Route information
- Maintained by WCDTPW, SANRAL and ECDRPW
- Length: 1,061 km (659 mi)

Major junctions
- West end: N1 / N12 in Beaufort West
- N9 in Aberdeen R63 in Graaff-Reinet N9 near Bethesdaweg N10 in Cradock R67 in Komani N6 in Komani N6 southeast of Komani R58 in Ngcobo N2 in Mthatha
- East end: N2 in Port Shepstone

Location
- Country: South Africa
- Major cities: Beaufort West; Aberdeen; Graaff-Reinet; Cradock; Tarkastad; Komani; Ngcobo; Mthatha; Libode; Port St.
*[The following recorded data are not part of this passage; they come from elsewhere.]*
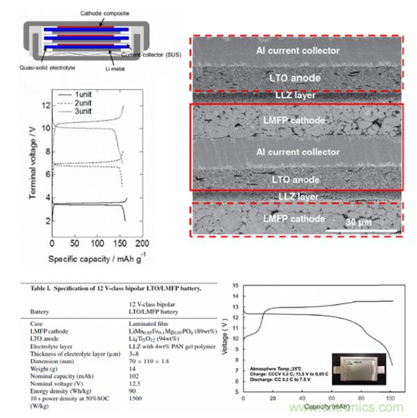 下圖是含有三個雙極性電極的CR2032鈕扣電池。正極是LFP,負極是金屬鋰,采用準固態聚合物電解質和不銹鋼集流體。從電壓曲線可以看到,只要改變雙極性電極的unit數量,就能改變電池的電壓,這里給的分別是1unit、2units、3units的電壓曲線。例如,很容易通過5個雙極性的unit實現一個12V的鋰離子電池,下圖右側是日本東芝公司的一個12V雙極性電池的部分截面圖,從表1的參數中可以看到,這里正極材料是LiMn0.85Fe0.1Mg0.05PO4,負極材料是LTO,集流體是Al,固態電解質電解質是Li7La3Zr2O12(LLZ)和PAN。從封裝方式來看,疊片式軟包裝是比較適合雙極性電池的一種方式。
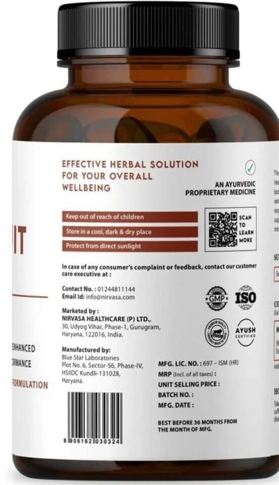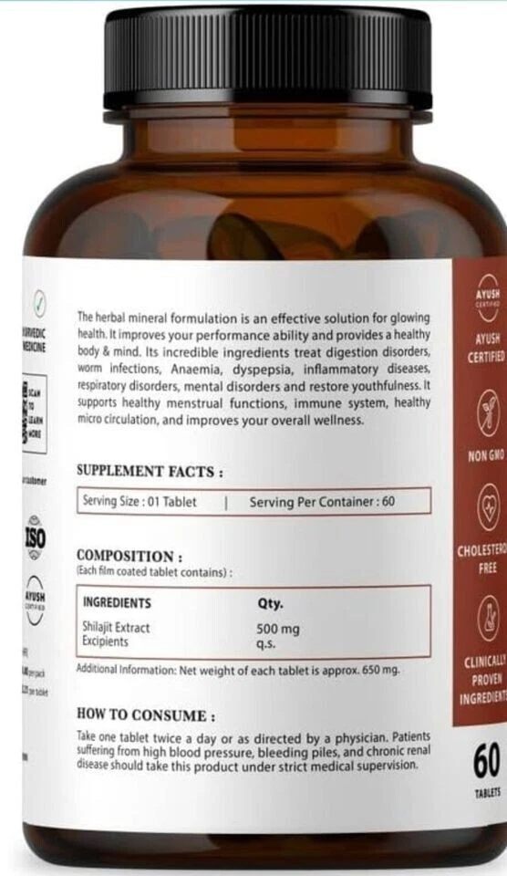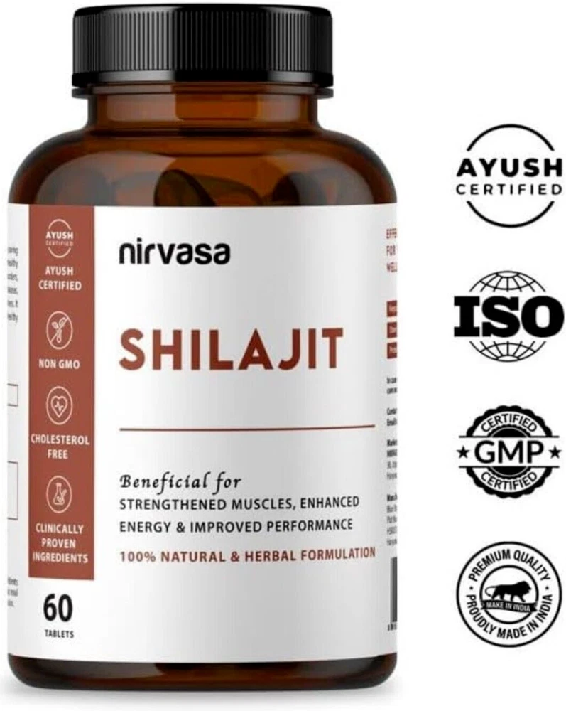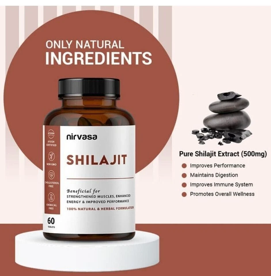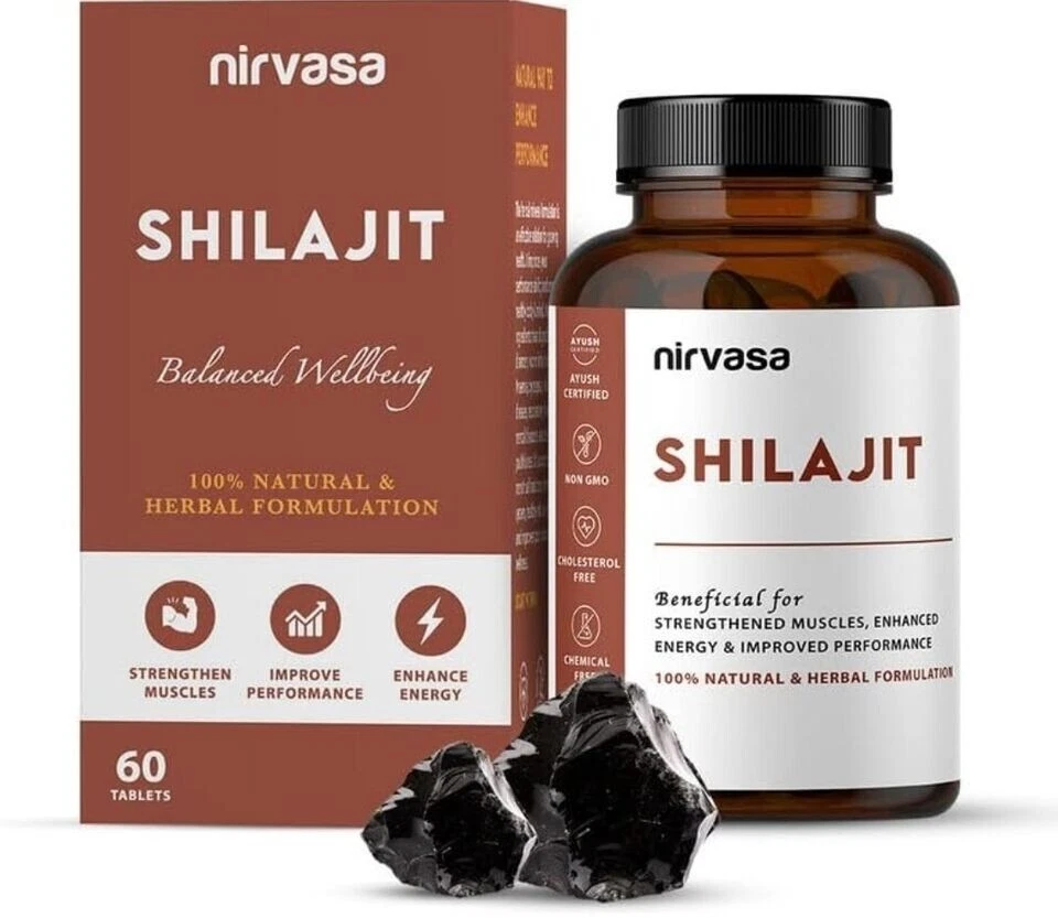 INGREDIENTS EFFICACY: Pure Shilajit Tablet comprises pure Shilajit extract that progresses overall well-being. Regular consumption of Shilajit Tablets for men and women helps better sleep facilitates a healthy gut, and increases energy levels, thereby upsurges physical and workout performance. It upgrades the function of reproductive health. PURE SHILAJIT TABLETS: Tracked down right from the ancient rocks of Himalayan mountain altitudes by way of authentic Ayurvedic processes, Shilajit Tablets are extracted by the purest form of Shilajit which incorporates plentiful advantages. IMPROVE IMMUNE SYSTEM: The major component of Shilajit extract is Fulvic acid, which itself is embedded with loads of benefits. In addition of it, Shilajit original tablets are highly regarded as the purest formula of the Ayurvedic form of Shilajit embracing all the advantages that improve the immune system, increase energy level, sporting performance and naturally regulate sleep patterns. COGNITIVE HEALTH: Talking about the benefits of cognitive health, the tablets of original shilajit for men and women from Nirvasa work wonders in increasing cognitive function, and might enhance intellectual abilities in the long run. EASY CONSUMPTION: Take 1 tablet of Shilajit original for men and women with a glass of lukewarm water after thirty minutes of your meals. Take twice a day for improved results.
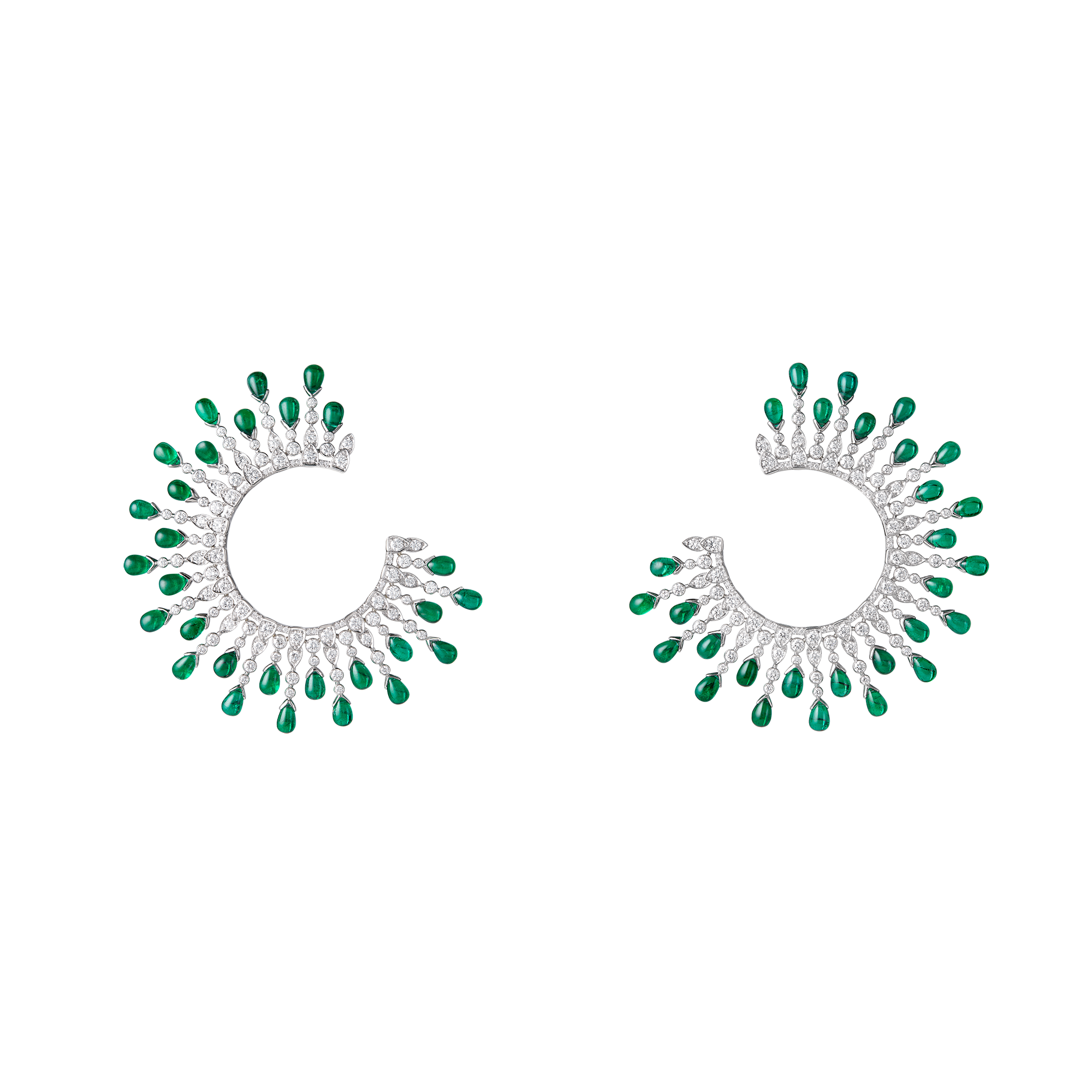 Šperky Boucheron z umělecké kolekce „Histoire de Style“ kombinují ve svém zdobení bílé diamanty se zelenými smaragdy či modrými safíry. K dostání v butiku Boucheron, Široká 124/15, Praha 1.
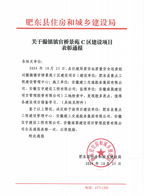 近日,建工交航在建撮鎮(zhèn)鎮(zhèn)官橋景苑拆遷恢復(fù)樓C區(qū)建設(shè)項目喜獲肥東縣住房和城鄉(xiāng)建設(shè)局全縣通報表彰。
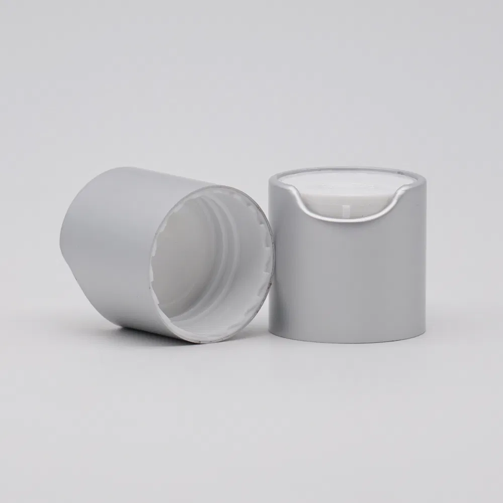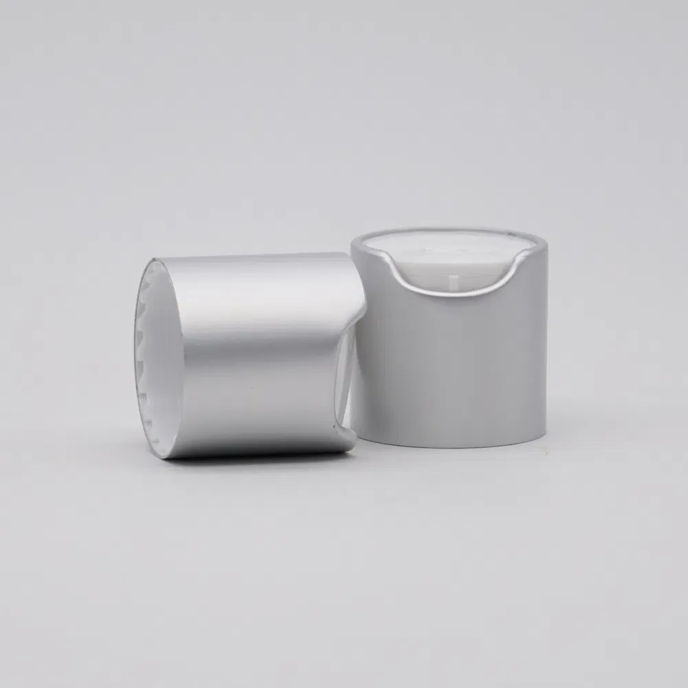 product picture Product DescriptionKey word:Disc top capFeature:Easy lock and openColor:Customized colorMaterial:PP plastic inner cap, aluminum sheathed outsideDelivery time:30days after get your deposit Cap type:Screw neck Application:Shampoo,lotion,body lotionPackage:One by one in foam wave plate ......
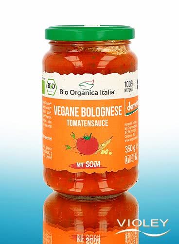 Molho de Tomate à Bolonhesa Vegan da Bio Organica Italia. Grânulos de soja, cenouras e, claro, muito tomate fazem deste molho uma deliciosa alternativa sem carne - não só para o prato de massa com o mesmo nome. Bom apetite.
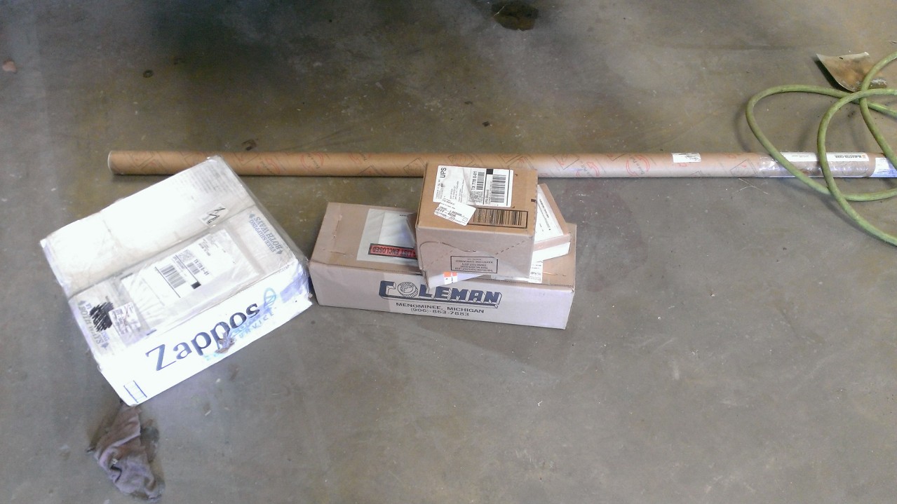 4130 Chromoloy tubing, new Howe balljoints to replace my Coleman monoballs (to get a little more droop travel), parts to fab our own lower control arms, and our rebuilt steering rack!
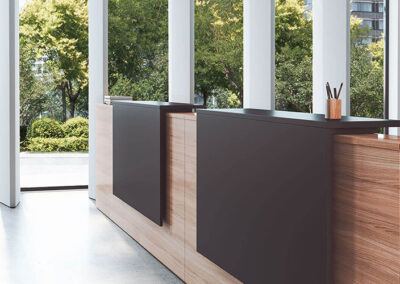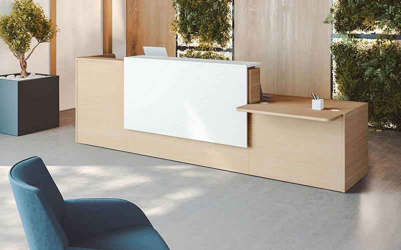 Superficie de trabajo en melamina de 25 mm de grosor en blanco o erable. Existen diferentes modularidades ergonómicas. Frontal del mostrador en diferentes acabados (metal, metacrilato y madera). Zona superior de atención en melamina erable o blanca y cristal azul
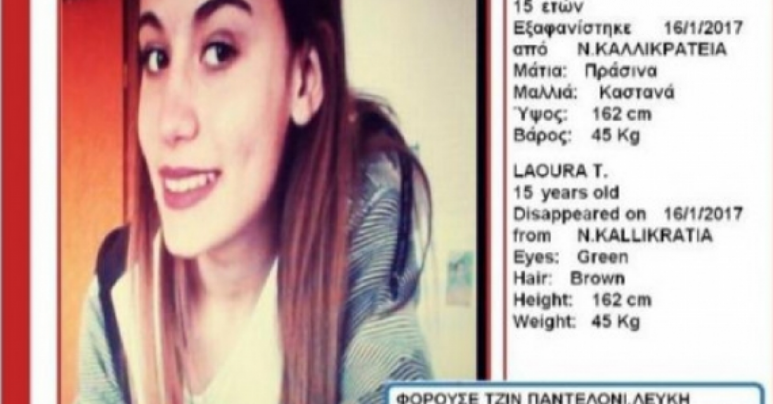 Η δήλωση έγινε το βράδυ της Δευτέρας στο ΑΤ Νέας Καλλικράτειας. Όπως ανέφερε ο - αλβανικής καταγωγής - πατέρας, η κόρη του φαίνεται πως πήγε κανονικά στο σχολείο το πρωί, άλλα δεν επέστρεψε ποτέ στο σπίτι.

Johns; Bizana; Port Edward; Margate; Port Shepstone;

Highway system
- Numbered routes of South Africa;
| ← R60 |  | → R62 |

= R61 (South Africa) =

Road in South Africa

The R61 is a long provincial route in South Africa that connects Beaufort West with Port Shepstone via Graaff-Reinet, Komani (previously Queenstown), Mthatha and Port Edward.

The R61 is co-signed with the N9 for 103 kilometres from Aberdeen through Graaff-Reinet to Bethesdaweg, and with the N6 for 18 kilometres near Queenstown.

==Route==

===KwaZulu-Natal===
The R61 begins in Port Shepstone at the Marburg interchange with the N2 highway from Durban (at the Oribi Toll Plaza). As the N2 leaves the freeway at an off-ramp and becomes the road westwards towards Harding and Kokstad, the R61 takes over as the freeway south-south-west through the KwaZulu-Natal South Coast. As the 1st section is maintained by SANRAL, the R61 is a toll road for 22 km from the N2 Interchange, through Shelly Beach, Margate and Ramsgate, up to Southbroom. At Southbroom, it stops being both a toll road and a freeway. From Port Shepstone to Southbroom, the R61 is followed by the R620 route.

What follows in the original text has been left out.